Friday, November 11, 2011

Just When You Think...

everything is going great, you get reminded of the sadness that lurks in the back of your mind.  Boo!  I had a really great week!  I've done something different every night this week, probably over did it actually.  I went to my students' volleyball games, one of my student's dad's election party, parent conferences for two days, football game for my school, and lots of dinners out.  I have been feeling back to normal physically and have just been having a good week.

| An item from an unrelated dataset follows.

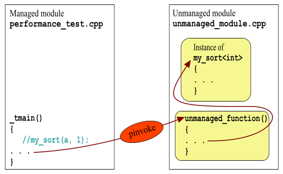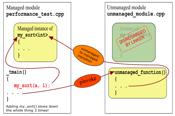 Скомпилируйте, запустите. Увы! Изначальные тормоза вернулись на место :-(. Но что же произошло? Ведь этот один-единственный вызов ничего не делает и ничего меняет, тем более, что он находится за пределами кода, в котором измеряется время. Так вот, все это из-за развертывания шаблонов. Дело в том, что теперь, как в unmanaged_module.obj, так и в performance_test.obj живет по экземпляру кода my_sort<int>. А поскольку нехорошо иметь два экземпляра одного и того же кода в исполняемом модуле, компоновщик должен уметь оставить только один из них – все равно они идентичны. И теперь, когда включено упоминание об использовании my_sort<int> в managed-секции (perfornace_test.cpp), появилось два идентичных экземпляра кода... Идентичных по функциональности, но не по эффективности! А компоновщик предпочитает медленный managed-вариант быстрому и хорошему unmanaged, в результате чего все старания идут насмарку. Вот как это происходит:

     Well...tonight I found out my cousin's wife is due the same time I was in May.  I knew she was pregnant (not how far along she was) and I had a gut feeling that she was due around the same time as me.  I'm happy for her and my cousin, but just know this will be a reminder for me about where I should have been in my pregnancy.  Even worse, when the baby is born, I will know I should have had a baby at that time too.  Selfish?  Yeah, I know how it sounds.  But the whole point of this blog was to write how I'm feeling, so there it is.  It makes me ask the questions, "Why me?  Why couldn't I be like her and have a healthy pregnancy?"
     I also had my follow up D&C appointment this morning.  I was put in the same room as when I met with my doctor for the first time about my m/c.  I never imagined how hard it would be, sitting in the room all alone.  The nurse practitioner was a joke, and it was a pointless visit.  She let me know the baby was a "product of conception".  Yes I knew that.  I saw its heartbeat and arm/leg buds.  I saw its little body and head.  Everyone seems to forget I was carrying a baby and I saw it.  It was real to me.
     Tomorrow night was the night we were going to tell my husband's family.  I had a b-day party planned and we were going to put an ultrasound picture on the cake.  We had even bought adorable t-shirts to wear.  Well, I had to cancel it because I knew I couldn't handle it and I don't even like celebrating my b-day.  I just thought that would have been the perfect surprise for them.  It sucks that I can't be having that party tomorrow.  It sucks that I can't share the great news with them.
     I know there is no easy road to recovery.  It's a process.  These were just little bumps that I will hop over and I will continue to move on with my life.